Virtual Desktop Infrastructure: What's in a Name?
Virtual Desktop Infrastructure (VDI) is the modern version of the thin client movement of the 1990's. VDI essentially delivers desktop-as-a-service (DaaS), meaning end-users of desktops, laptops and notebooks can access a virtual set of servers that are allocated to providing client-side applications and services. Because these services are delivered over the corporate network, client management is simplified and ostensibly, end-user computing costs, support costs, licensing, and software maintenance expenses are all decreased.
In addition, proponents of VDI suggest that the approach is inherently more standardized and hence more reliable, available and secure because system images can be locked down, ‘templatized’ and easily replicated with control by an IT administrator.

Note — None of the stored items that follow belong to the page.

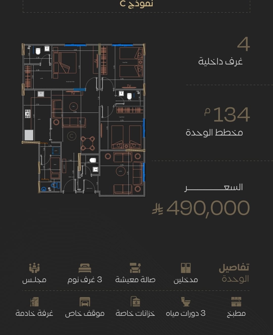 النماذج الأمامية (A & B): تتميز بإطلالات مباشرة وتضم 3 غرف نوم، مجلس، صالة معيشة، 3 دورات مياه، مطبخ، وتراس خاص. (اربع غرف امامية ببلكونه مساحة 129 متر مربع) بـ 495 ألف
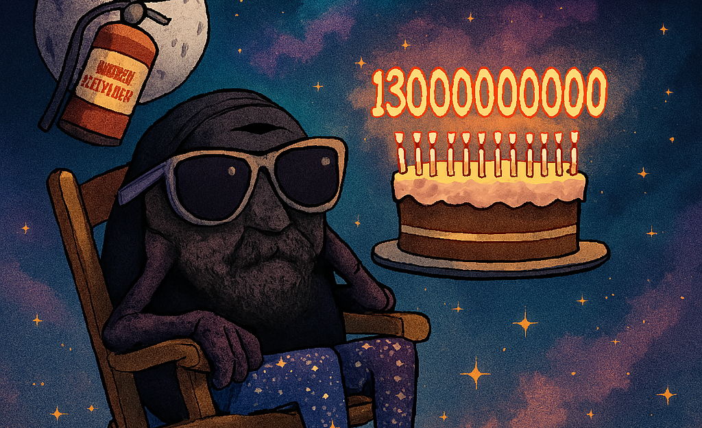 In a universe where age is just a number (unless you're a black hole), Grandpa Void has emerged as the oldest-known cosmic entity—grumbling at galaxies, devouring matter, and committing fashion crimes in galaxy-print spandex. With Dr. Imaginarius launching a candle Kickstarter and issuing a stern style intervention, this parody dives into the gravitational drama of a celestial senior citizen who refuses to act his age.
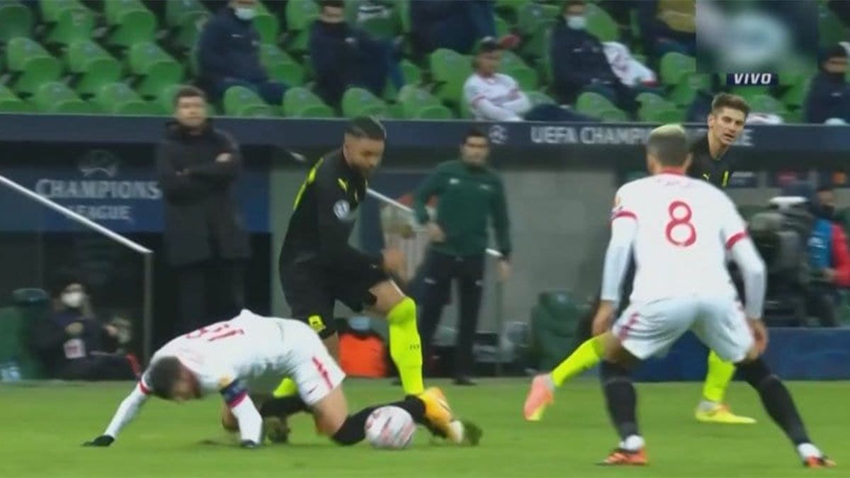 El jugador de Sevilla de España Sergio Escudero sufrió una terrible lesión en el partido de este martes frente a Krasnodar de Rusia, por la cuarta fecha del Grupo E de la Champions League.
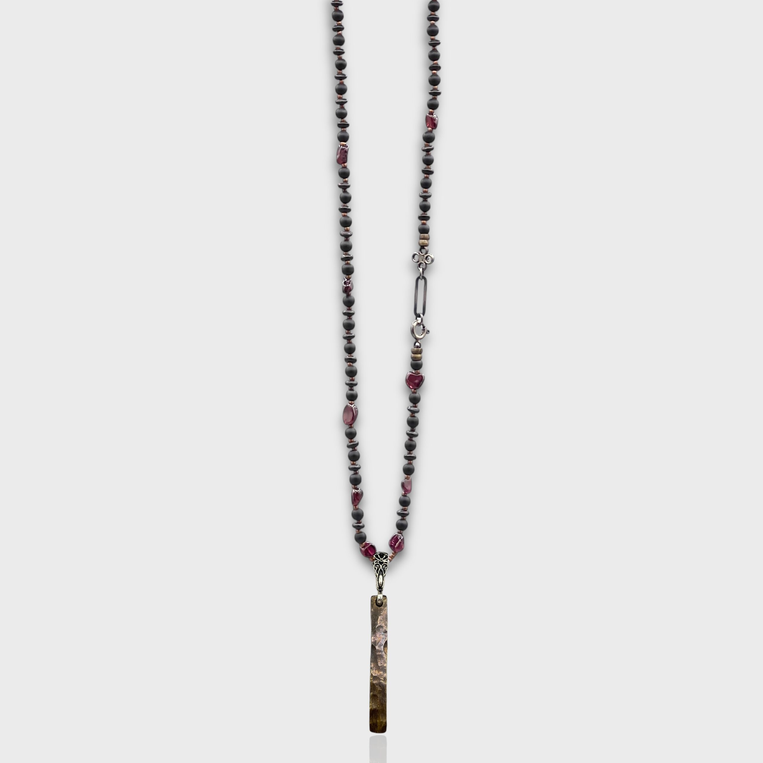 Lal taşı, onyx, bronz ve gümüş kullanılarak tasarlandı.
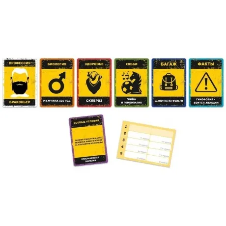 50 карт профессий 30 карт навыков 30 карт биологических характеристик 30 карт здоровья 30 карт хобби 30 карт фобий 30 карт багажа 30 карт дополнительной информации 10 карт описания бункера 7 карт катастроф 50 карт специальных условий, источник, упаковка

Despite these appealing attributes, to date, VDI deployments have been confined to relatively narrow niches such as call centers, claims desks, government use cases and other environments where a critical mass of users is performing similar tasks consistently. Beyond these situations, organizations have struggled to realize the benefits of virtualized desktops largely because the end-user experience (from the standpoint of performance, functionality, graphics, etc.) has not lived up to that of the traditional Microsoft client model.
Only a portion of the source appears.